What Hy-Vee’s future security force likely can, and cannot, do
CEDAR RAPIDS, Iowa (KCRG) - Hy-Vee announced it would be hiring and training its security staff to work at the stores across the company’s eight-state region.
Claude Howard, Jr., Mercy Medical Center’s director of security and environmental safety, who was also formerly a Marion Police Officer, said there were a lot of similarities between being an officer and a security guard. The biggest difference was the power to detain and arrest someone.
“Security is about protecting assets,” Howard said. “In a store setting, like Hy-Vee, for example, I think the guards are going to be mostly hands-off. We have to call for law enforcement assistance if the offender doesn’t come into compliance.”
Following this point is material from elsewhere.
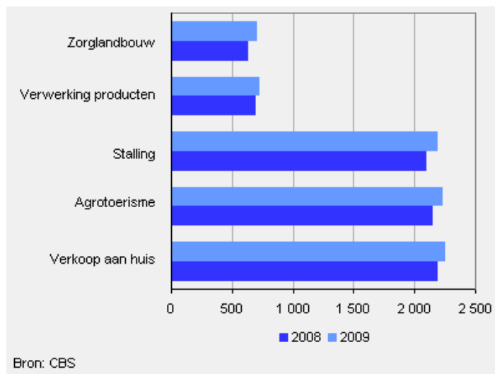
Aantal landbouwbedrijven met verbredingsactiviteiten

Ruim 7 van de 10 bedrijven die aan verbreding doen behaalden in 2008 minder dan 10% van de bedrijfsomzet uit verbreding. Ongeveer een kwart van de bedrijven met verbreding genereerde tussen de 10 en 50% van de bedrijfsopbrengsten uit verbreding. Slechts 5% ziet meer dan 50% uit de verbredingstak komen. Verbreding biedt dus voor een beperkt aantal ondernemers een substantiële bijdrage aan het inkomen.

Howard said security guards don’t have the power to take people to jail but can stop a person. Howard said the most important part of the job is interacting with people.
“Most of our job is to try and do the very best we can to be hands-off and verbally direct or redirect the people that we interact with,” Howard said. “We try to be compassionate and make sure people are focused and driven towards the right things.”
Howard said each security guard’s job is different. He hopes that the guards trained by Hy-Vee will focus on de-escalation tactics and reflect the diversity in the communities they work.
“If they train their guards and bless them as guards, I want them to focus on diversity,” Howard said. “Understand the verbal communication interactions and understand de-escalation techniques.”
KCRG-TV9 did reach out to Hy-Vee for comment on this story and whether or not officers would be in any eastern Iowa stores, but have not heard back.